··· INPUT FOR THIS TASK ···
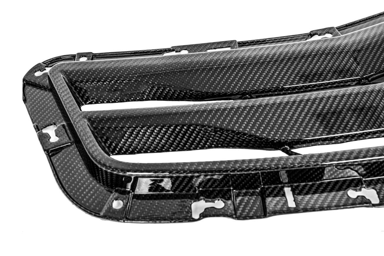 The 2016-19 Cadillac ATS-V Carbon Fiber Package is specifically designed for the Cadillac ATS-V model from 2016 to 2019. It is a package that includes various carbon fiber components to enhance the vehicle’s appearance and performance. The package includes the Cadillac ATS-V Carbon Fiber Hood Vent. This hood vent is made from carbon fiber, a lightweight and high-strength material known for its durability and performance characteristics. The carbon fiber construction adds a premium and sporty look to the Cadillac ATS-V’s front end.
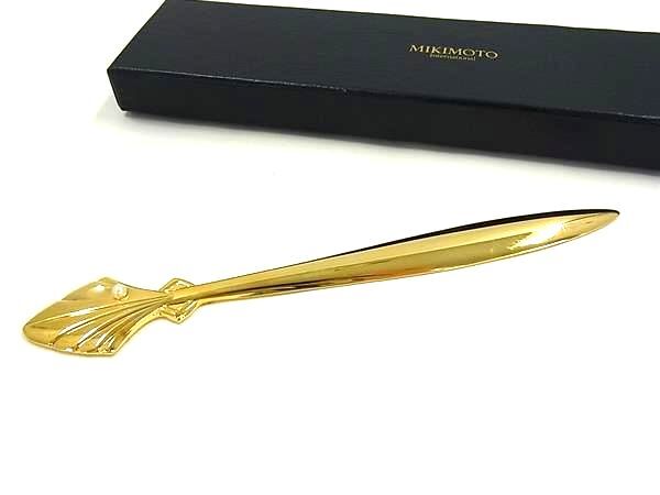 ■美品■ MIKIMOTO ミキモト 本真珠 アコヤ真珠 パール 約3mm ペーパーナイフ ステーショナリー レディース ゴールド系 DI2725
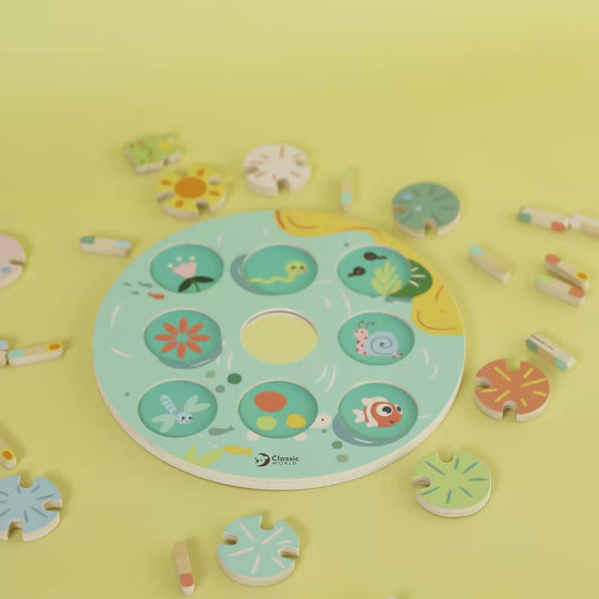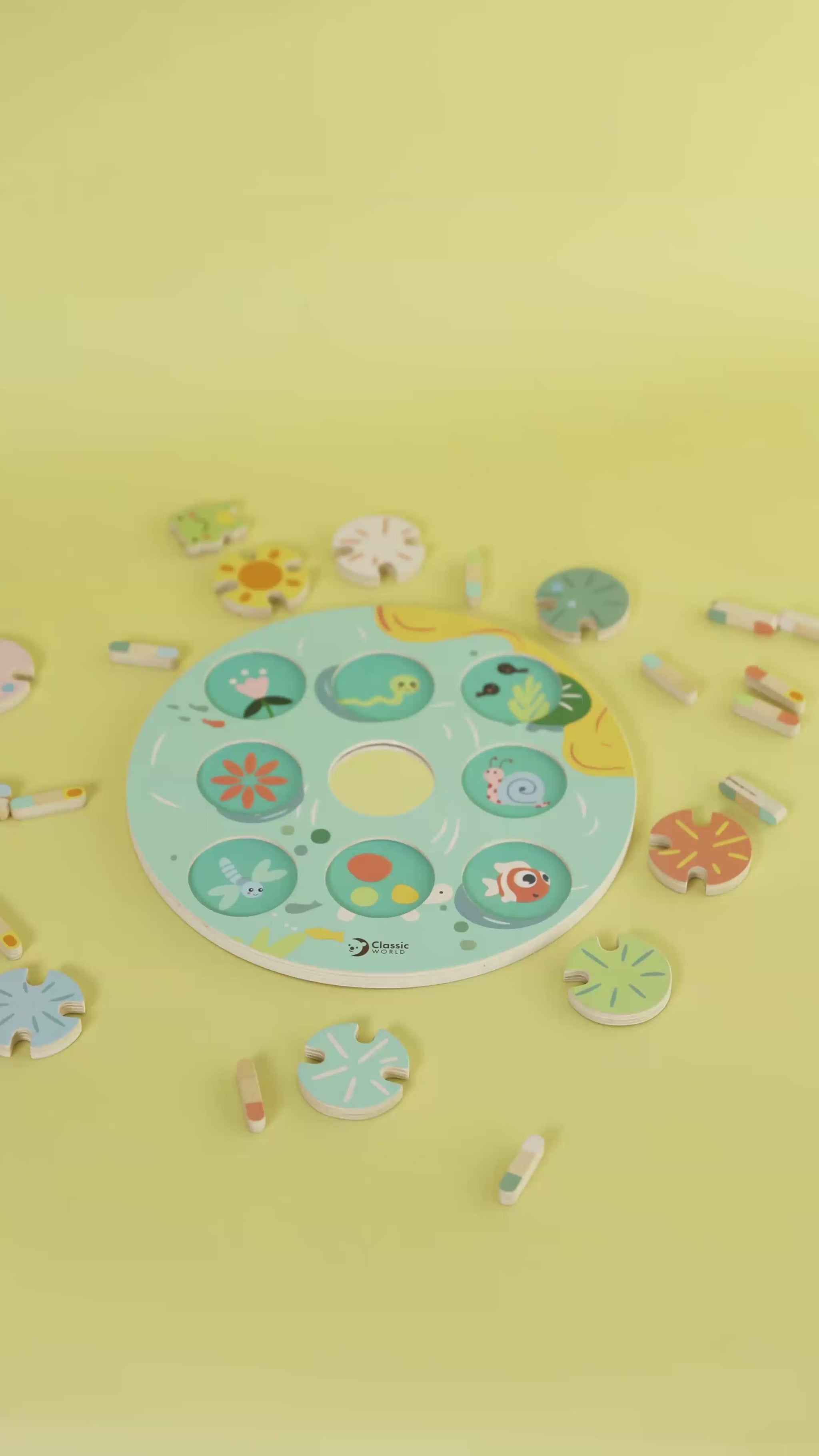 Ez a színes, lótuszlevelek és tavacskák témájára épülő játék segít a gyerekeknek a formák és színek felismerésében. A játékhoz tartozó fa lótuszlevelekre rögzíthető pálcikákkal a béka szabadon ugrálhat egyik levélről a másikra.
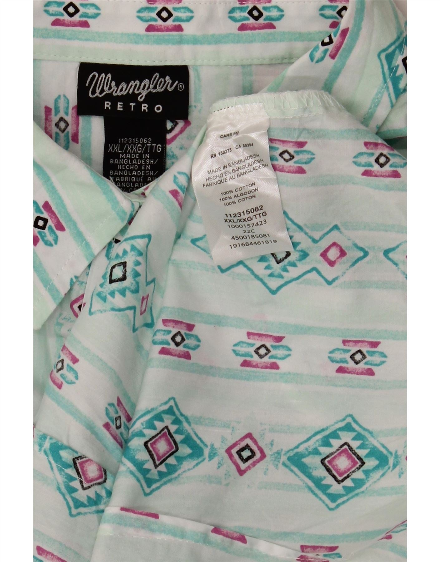 Camicia retrò da donna WRANGLER UK 20 2XL Cotone geometrico turchese
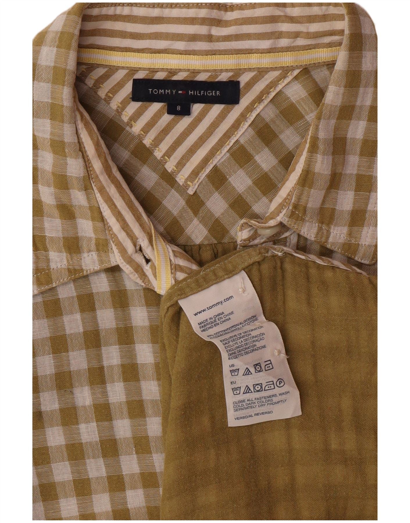 TOMMY HILFIGER Longline skjorte til kvinder US 8 Medium Green Gingham Cotton
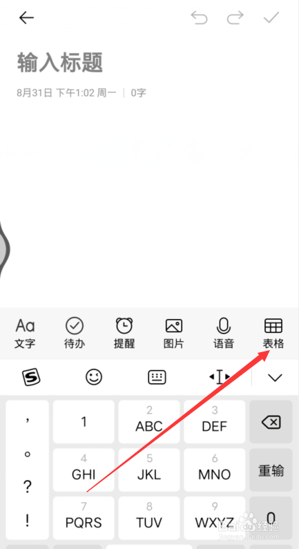 点击新建便签按钮点击右上角【表格】选项。
···
What you return must match the records above exactly, minus any images.

SOLUTION FOR THIS TASK |
 The 2016-19 Cadillac ATS-V Carbon Fiber Package is specifically designed for the Cadillac ATS-V model from 2016 to 2019. It is a package that includes various carbon fiber components to enhance the vehicle’s appearance and performance. The package includes the Cadillac ATS-V Carbon Fiber Hood Vent. This hood vent is made from carbon fiber, a lightweight and high-strength material known for its durability and performance characteristics. The carbon fiber construction adds a premium and sporty look to the Cadillac ATS-V’s front end.
 ■美品■ MIKIMOTO ミキモト 本真珠 アコヤ真珠 パール 約3mm ペーパーナイフ ステーショナリー レディース ゴールド系 DI2725
 Ez a színes, lótuszlevelek és tavacskák témájára épülő játék segít a gyerekeknek a formák és színek felismerésében. A játékhoz tartozó fa lótuszlevelekre rögzíthető pálcikákkal a béka szabadon ugrálhat egyik levélről a másikra.
 Camicia retrò da donna WRANGLER UK 20 2XL Cotone geometrico turchese
 TOMMY HILFIGER Longline skjorte til kvinder US 8 Medium Green Gingham Cotton
 点击新建便签按钮点击右上角【表格】选项。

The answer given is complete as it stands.